Indian Salary Slip Parser: Build a Verification Agent with AI

Extract CTC, deductions, and net pay from any Indian salary slip as structured JSON. Build a salary verification agent for lending, KYC, and rental workflows.

salary slip parserindian payrollai agentdocument extractionincome verificationfintech apistructured jsonlending automation

Salary slip verification sits at the heart of lending, rental approvals, and KYC workflows across India. Yet most teams still handle it manually — someone downloads a PDF, eyeballs the numbers, and punches data into a spreadsheet. This guide shows you how to automate that entirely.

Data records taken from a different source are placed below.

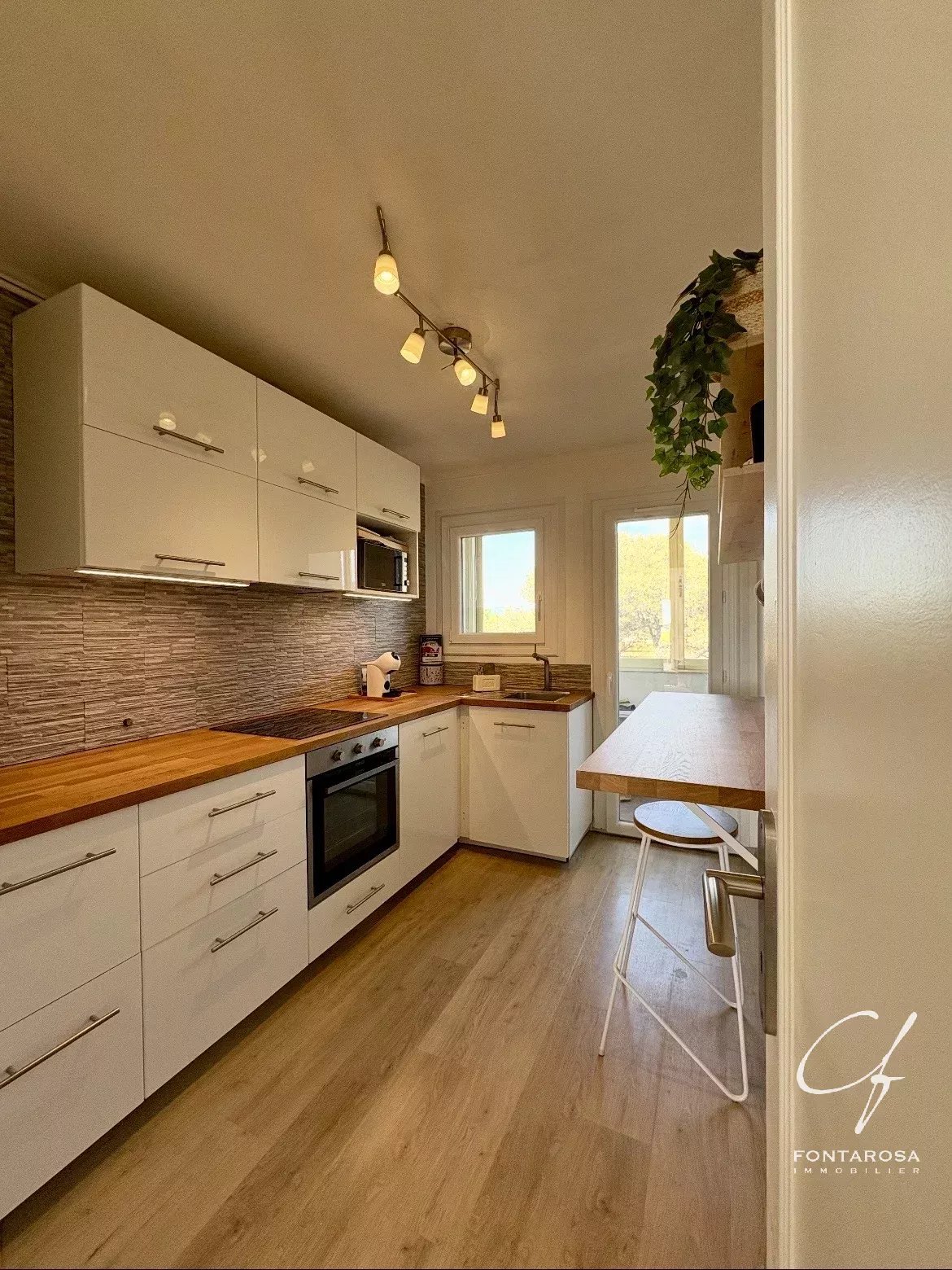 L’appartement se compose d’une cuisine aménagée et entièrement équipée, prolongée par une loggia aménagée en buanderie. Le séjour spacieux et baigné de lumière s’ouvre sur une belle terrasse avec vue dégagée, entourée de verdure, idéale pour profiter des beaux jours en toute tranquillité.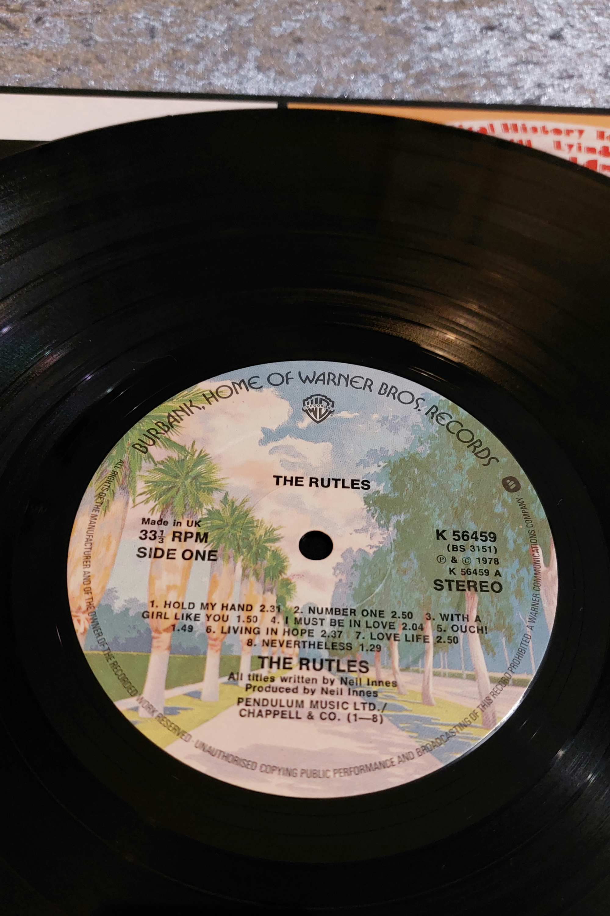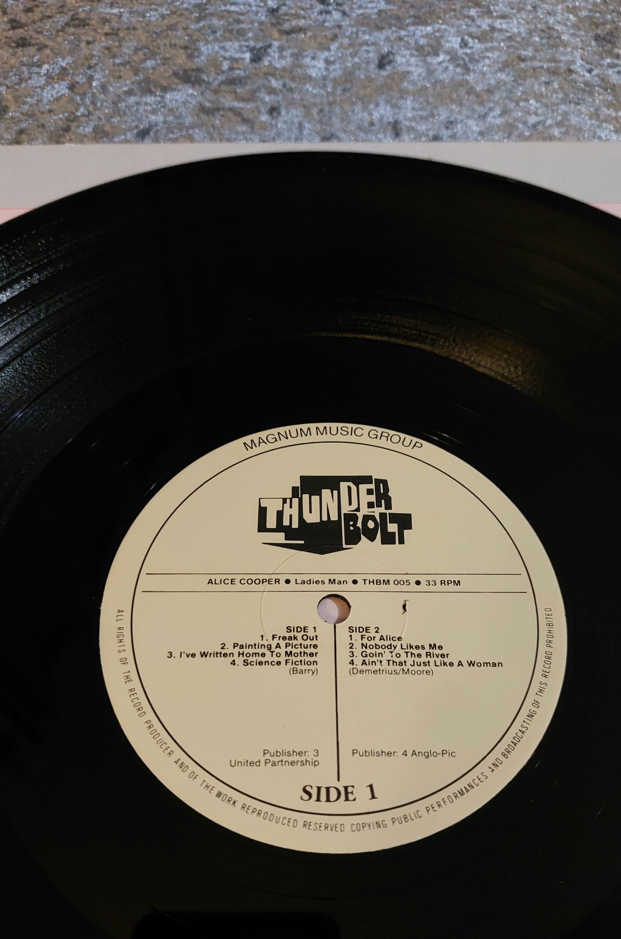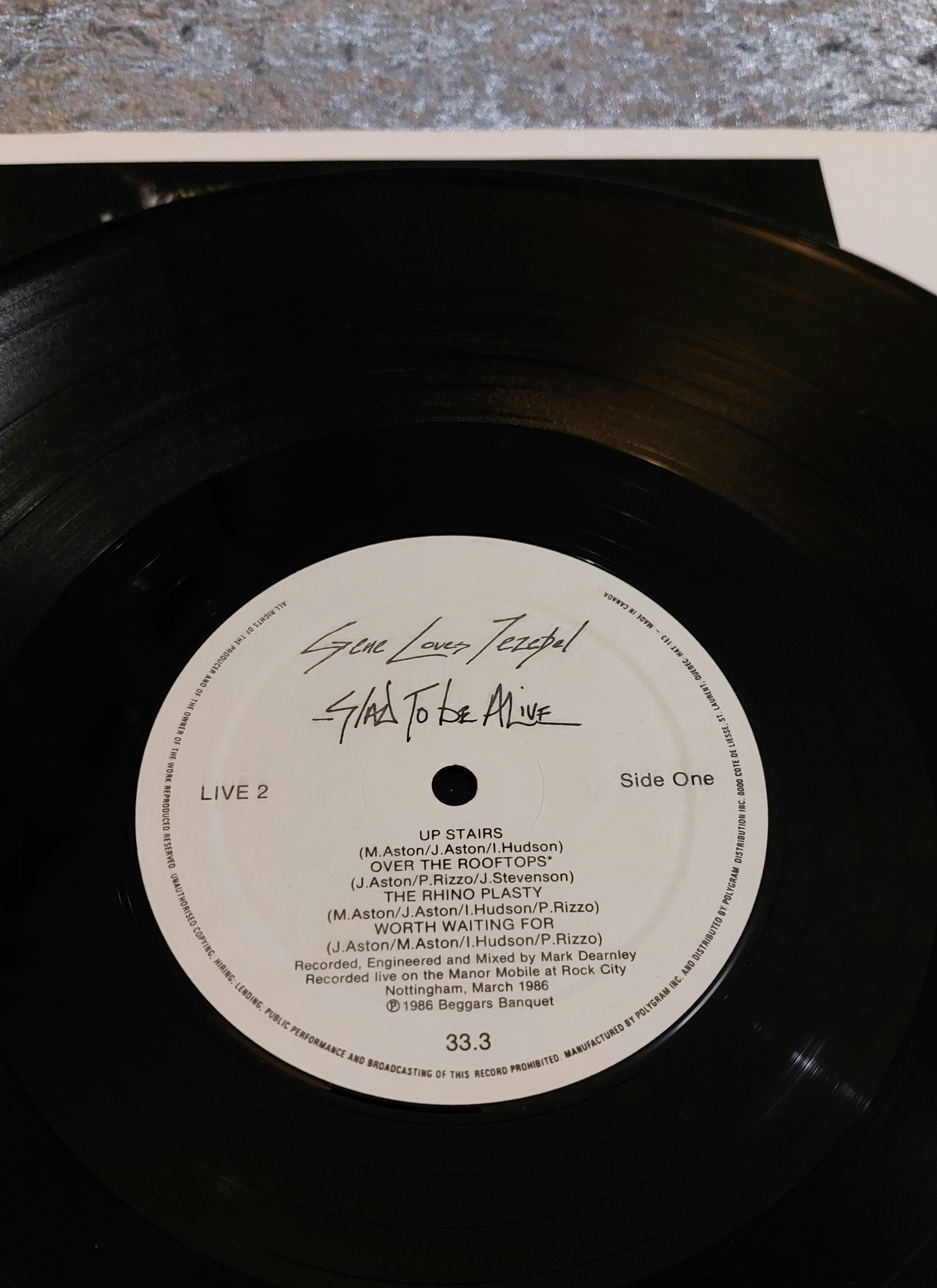 Three vinyl LP records. The first is “Alice Cooper – Ladies Man” on the Magnum Music Group/Thunderbolt label. The second is “Gene Loves Jezebel – Glad To Be Alive (Live 2)” on the Beggars Banquet label. The third is by The Rutles on the Warner Bros. label. All three records exhibit some minor wear consistent with previously owned items.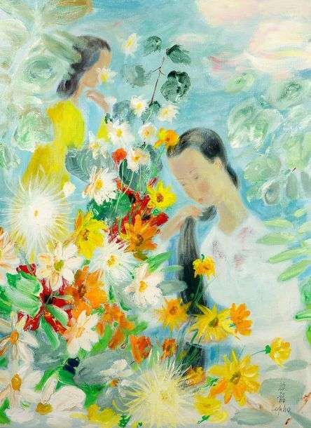 Maîtrisant à la perfection le caractère enchanteur des floraisons, l'artiste parvient à moderniser ce genre pictural traditionnel grâce à une composition innovante où le cadrage très moderne pourrait rappeler les oeuvres de Chagall. Le grand format employé pour Jeunes filles dans un jardin fleuri participe au caractère exceptionnel de cette oeuvre. De ses années d'apprentissage à Hanoï, à ses années passées à Paris, Le Pho perfectionne sa technique et innove, rejoignant ainsi le panthéon des grands artistes représentant des fleurs.

You'll extract structured JSON from any Indian salary slip format and then wire it into an agent that makes a verification decision — all in under 50 lines of TypeScript.

What Makes Indian Salary Slips Hard to Parse

Indian salary slips are not standardised. A Tata Group CHRO's payslip looks nothing like a startup's Razorpay Payroll export or a government employee's HRMS printout. Common variations include:

  • Component labeling: "Basic" vs "Basic Pay" vs "Basic Salary" vs "बेसिक वेतन"
  • Deduction layout: EPF, ESIC, PT, TDS in different orders and groupings
  • CTC vs net pay: some show only in-hand, others show full CTC breakdown
  • Multi-employer slips: two jobs, different formats in the same PDF
  • Scanned images: older SME payroll printed and scanned, no selectable text
  • Traditional OCR (Tesseract, AWS Textract) collapses on mixed layouts. Regex breaks the moment a payroll team reorders columns. Vision AI reads the document the same way a human analyst does — understanding context, not just character positions.

    What Lekha Extracts from a Salary Slip

    Lekha returns a normalised JSON object regardless of the source format:

    {
      "document_type": "salary_slip",
      "employee": {
        "name": "Priya Sharma",
        "employee_id": "EMP-4821",
        "designation": "Senior Engineer",
        "department": "Technology",
        "pan": "ABCPS1234F"
      },
      "employer": {
        "name": "Acme Technologies Pvt Ltd",
        "location": "Bengaluru"
      },
      "pay_period": {
        "month": "April",
        "year": 2026,
        "working_days": 22,
        "days_present": 22
      },
      "earnings": {
        "basic": 85000,
        "hra": 34000,
        "special_allowance": 18000,
        "lta": 5000,
        "gross": 142000
      },
      "deductions": {
        "epf_employee": 10200,
        "professional_tax": 200,
        "tds": 12500,
        "total": 22900
      },
      "net_pay": 119100,
      "ctc_annual": 1932000
    }
    

    Every amount is a number (never a string like "₹1,19,100"). Every date is ISO 8601. This is the format your downstream agent can reason over without any additional parsing.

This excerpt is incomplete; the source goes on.